* _Work to be completed_
Output nothing except the lines from the one containing "Dit traditionele landelijke" through the final line of the data, both included, typed exactly, minus the pictures.

* _Source material_
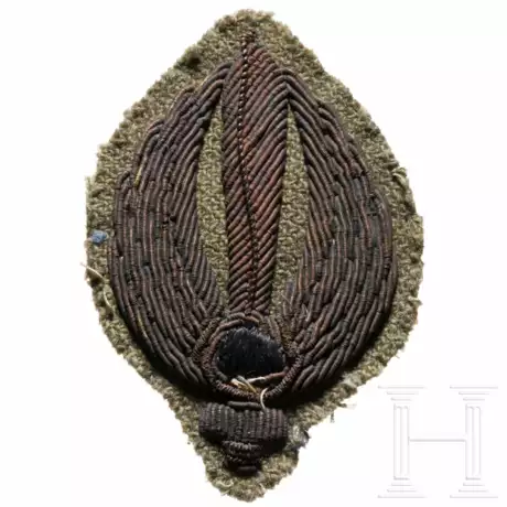 In Gold (stark gedunkelt) auf khakifarbenem Tuch gestickt. Selten.
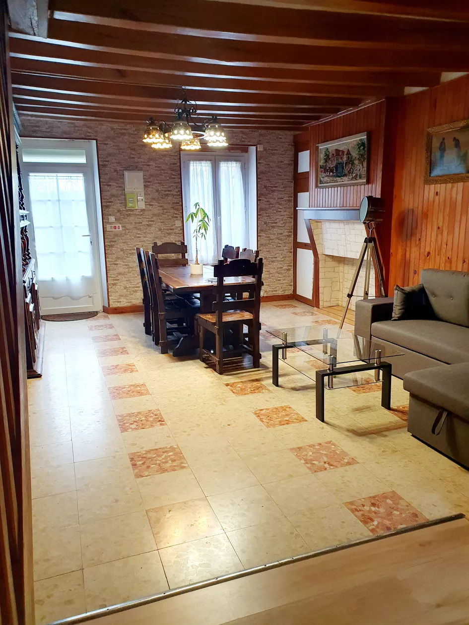 Dit traditionele landelijke huisje van 60m2 heeft een woonkamer van 34 m2, een tv van 1.65, xbox 360, dvd, Wifi, boeken voor kinderen en volwassenen, gezelschapsspellen, een slaaphoekje op de begane grond met een eenpersoonsbed, een grote slaapkamer op de eerste verdieping met een tweepersoonsbed met elektrische bedbodems, een eenpersoonsbed en een tv.
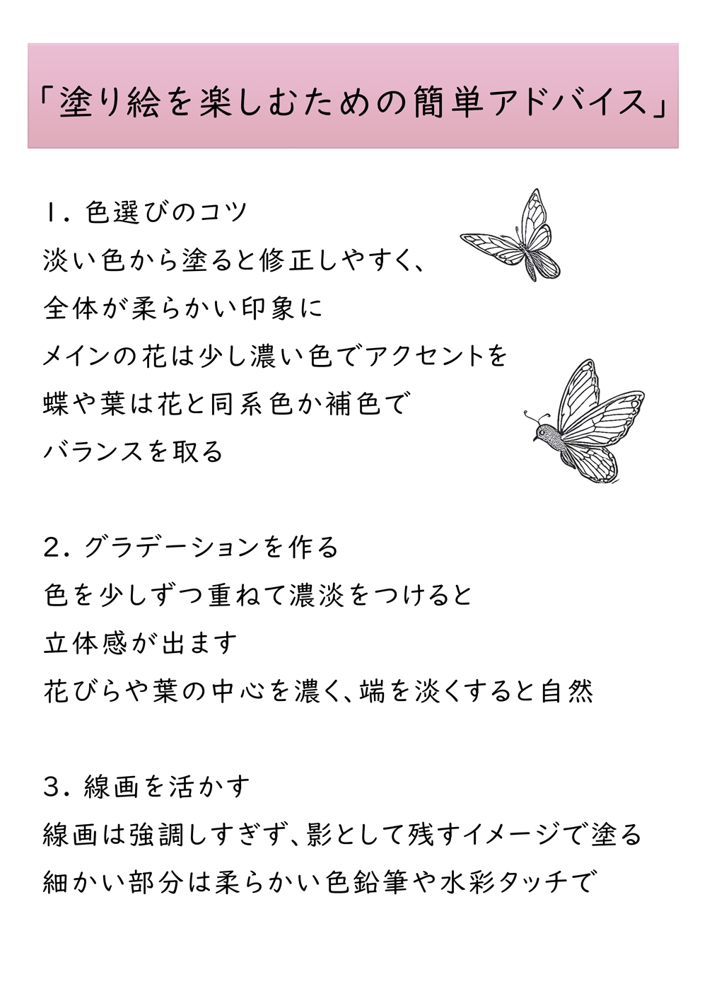 季節の花々や蝶たちと一緒に、ワクワクする塗り絵の旅に出かけませんか?
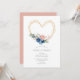 Vackra blåblommor och rosa blommor i ett söt guld hjärta. Baksidan är en söt, korallblandning för att matcha en blomma på inbjudan. Detta är en fantastisk inbjudan från avslappnad till ren elegans. Så söt.

* _Your solution_
 Dit traditionele landelijke huisje van 60m2 heeft een woonkamer van 34 m2, een tv van 1.65, xbox 360, dvd, Wifi, boeken voor kinderen en volwassenen, gezelschapsspellen, een slaaphoekje op de begane grond met een eenpersoonsbed, een grote slaapkamer op de eerste verdieping met een tweepersoonsbed met elektrische bedbodems, een eenpersoonsbed en een tv.
 季節の花々や蝶たちと一緒に、ワクワクする塗り絵の旅に出かけませんか?
 Vackra blåblommor och rosa blommor i ett söt guld hjärta. Baksidan är en söt, korallblandning för att matcha en blomma på inbjudan. Detta är en fantastisk inbjudan från avslappnad till ren elegans. Så söt.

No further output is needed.